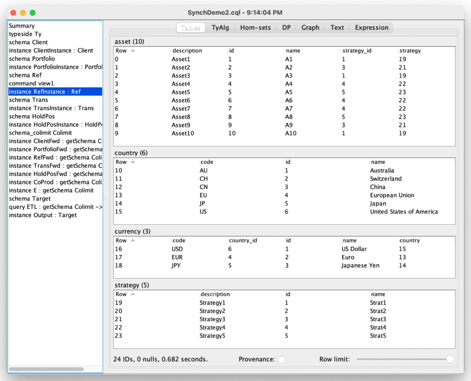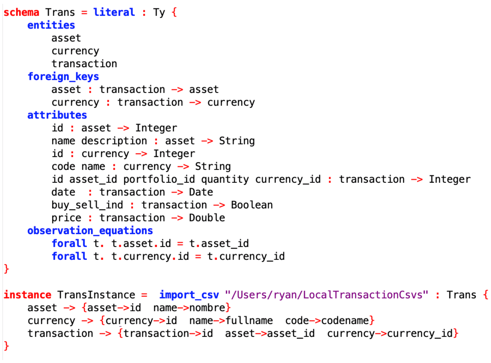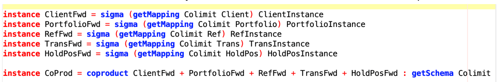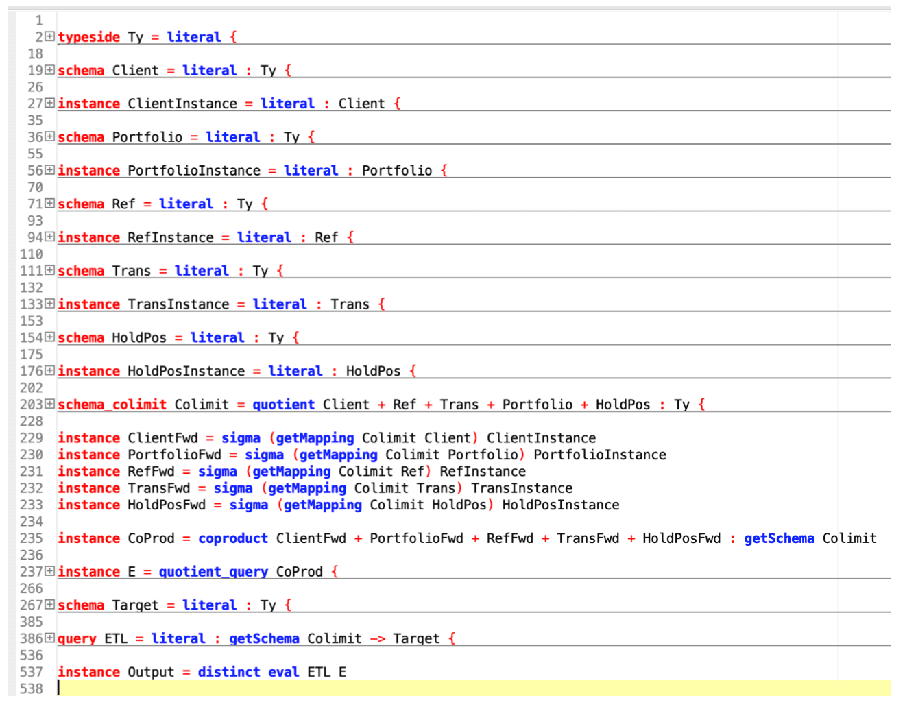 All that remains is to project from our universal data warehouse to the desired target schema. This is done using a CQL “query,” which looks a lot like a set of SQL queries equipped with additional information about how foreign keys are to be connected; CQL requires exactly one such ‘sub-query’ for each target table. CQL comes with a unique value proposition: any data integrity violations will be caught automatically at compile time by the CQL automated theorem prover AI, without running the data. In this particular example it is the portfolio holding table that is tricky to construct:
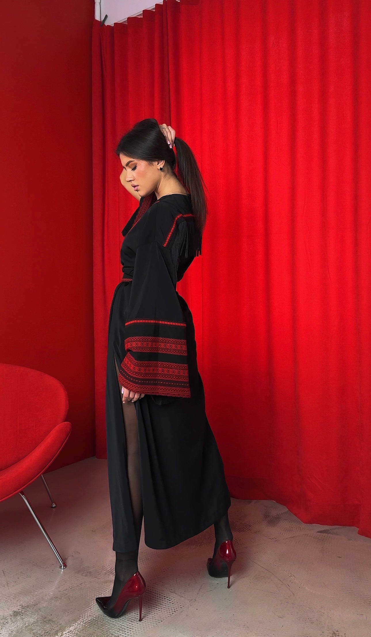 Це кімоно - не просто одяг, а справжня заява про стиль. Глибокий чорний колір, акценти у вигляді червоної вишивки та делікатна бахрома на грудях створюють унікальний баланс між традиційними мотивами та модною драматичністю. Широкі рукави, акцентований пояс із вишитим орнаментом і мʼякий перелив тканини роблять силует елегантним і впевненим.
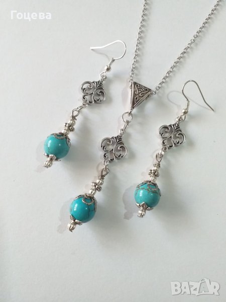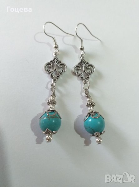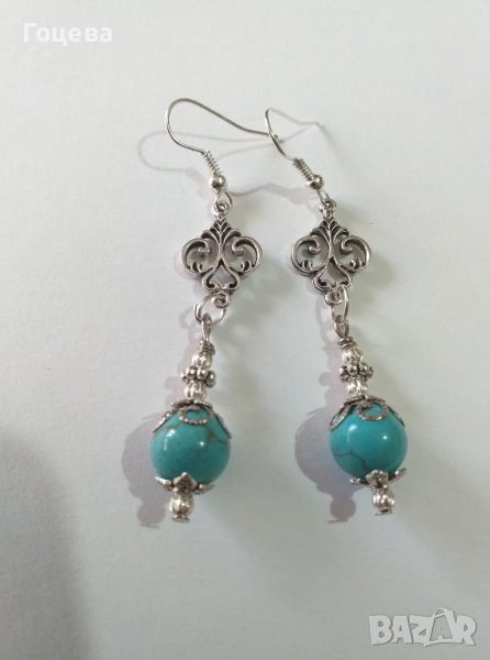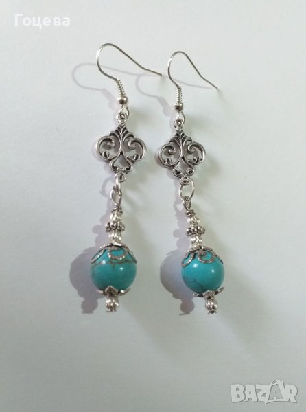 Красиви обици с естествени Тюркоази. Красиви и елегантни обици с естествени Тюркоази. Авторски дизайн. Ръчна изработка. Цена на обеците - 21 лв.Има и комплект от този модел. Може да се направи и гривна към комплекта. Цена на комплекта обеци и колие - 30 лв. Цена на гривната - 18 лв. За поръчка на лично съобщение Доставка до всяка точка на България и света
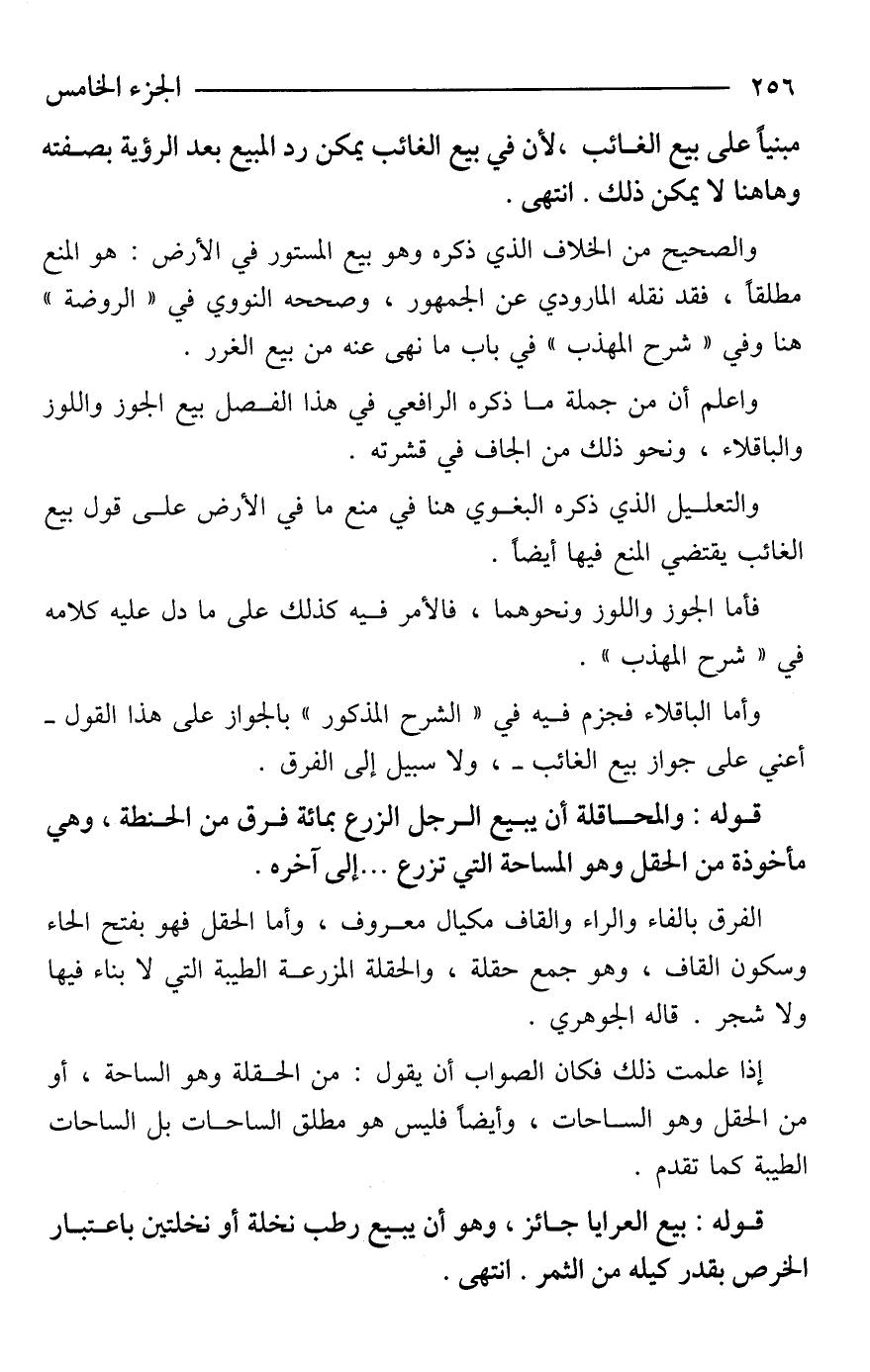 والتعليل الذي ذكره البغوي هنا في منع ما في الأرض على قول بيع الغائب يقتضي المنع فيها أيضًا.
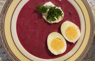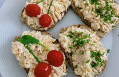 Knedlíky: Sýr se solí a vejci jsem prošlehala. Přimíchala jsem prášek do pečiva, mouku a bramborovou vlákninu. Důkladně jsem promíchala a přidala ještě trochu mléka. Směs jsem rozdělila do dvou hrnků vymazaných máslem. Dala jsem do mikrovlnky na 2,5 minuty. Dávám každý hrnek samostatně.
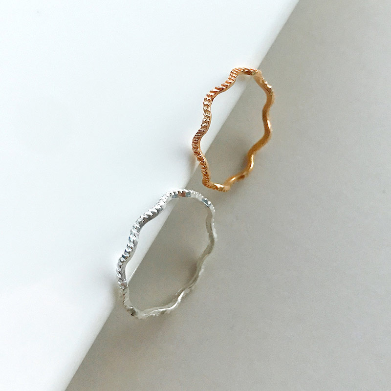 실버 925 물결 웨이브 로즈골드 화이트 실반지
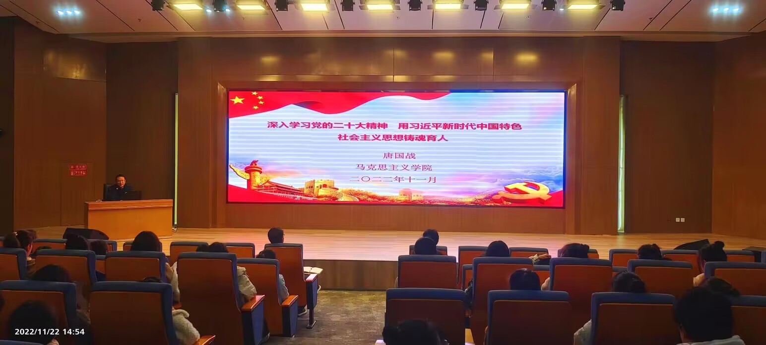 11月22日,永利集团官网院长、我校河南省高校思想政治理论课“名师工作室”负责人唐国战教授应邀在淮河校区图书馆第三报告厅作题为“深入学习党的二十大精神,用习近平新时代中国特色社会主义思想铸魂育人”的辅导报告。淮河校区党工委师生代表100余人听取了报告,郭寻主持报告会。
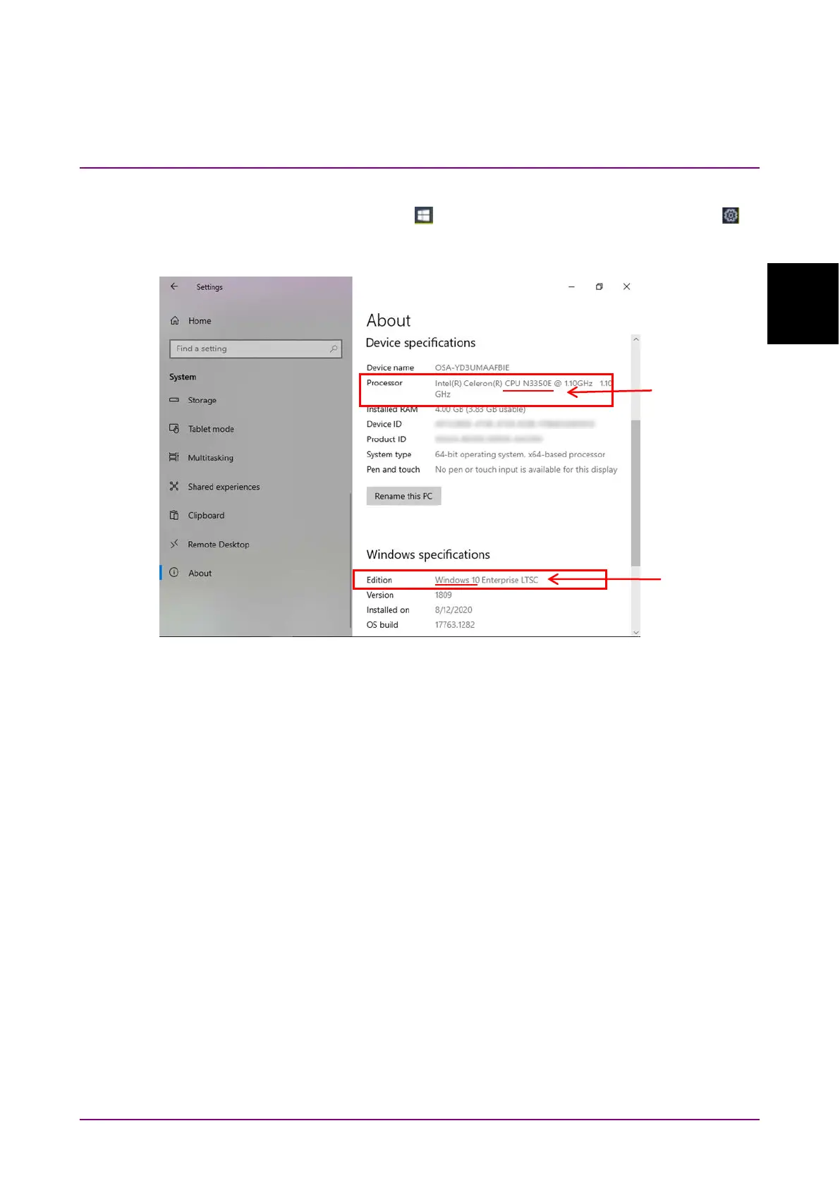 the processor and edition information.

┄┄┄┄┄┄┄┄┄┄┄┄┄┄┄┄┄┄┄┄

● **Brief**
Print the records word for word and exclude any picture they hold.

● **Answer area**
 All that remains is to project from our universal data warehouse to the desired target schema. This is done using a CQL “query,” which looks a lot like a set of SQL queries equipped with additional information about how foreign keys are to be connected; CQL requires exactly one such ‘sub-query’ for each target table. CQL comes with a unique value proposition: any data integrity violations will be caught automatically at compile time by the CQL automated theorem prover AI, without running the data. In this particular example it is the portfolio holding table that is tricky to construct:
 Це кімоно - не просто одяг, а справжня заява про стиль. Глибокий чорний колір, акценти у вигляді червоної вишивки та делікатна бахрома на грудях створюють унікальний баланс між традиційними мотивами та модною драматичністю. Широкі рукави, акцентований пояс із вишитим орнаментом і мʼякий перелив тканини роблять силует елегантним і впевненим.
 Красиви обици с естествени Тюркоази. Красиви и елегантни обици с естествени Тюркоази. Авторски дизайн. Ръчна изработка. Цена на обеците - 21 лв.Има и комплект от този модел. Може да се направи и гривна към комплекта. Цена на комплекта обеци и колие - 30 лв. Цена на гривната - 18 лв. За поръчка на лично съобщение Доставка до всяка точка на България и света
 والتعليل الذي ذكره البغوي هنا في منع ما في الأرض على قول بيع الغائب يقتضي المنع فيها أيضًا.
 Knedlíky: Sýr se solí a vejci jsem prošlehala. Přimíchala jsem prášek do pečiva, mouku a bramborovou vlákninu. Důkladně jsem promíchala a přidala ještě trochu mléka. Směs jsem rozdělila do dvou hrnků vymazaných máslem. Dala jsem do mikrovlnky na 2,5 minuty. Dávám každý hrnek samostatně.
 실버 925 물결 웨이브 로즈골드 화이트 실반지
 11月22日,永利集团官网院长、我校河南省高校思想政治理论课“名师工作室”负责人唐国战教授应邀在淮河校区图书馆第三报告厅作题为“深入学习党的二十大精神,用习近平新时代中国特色社会主义思想铸魂育人”的辅导报告。淮河校区党工委师生代表100余人听取了报告,郭寻主持报告会。
 the processor and edition information.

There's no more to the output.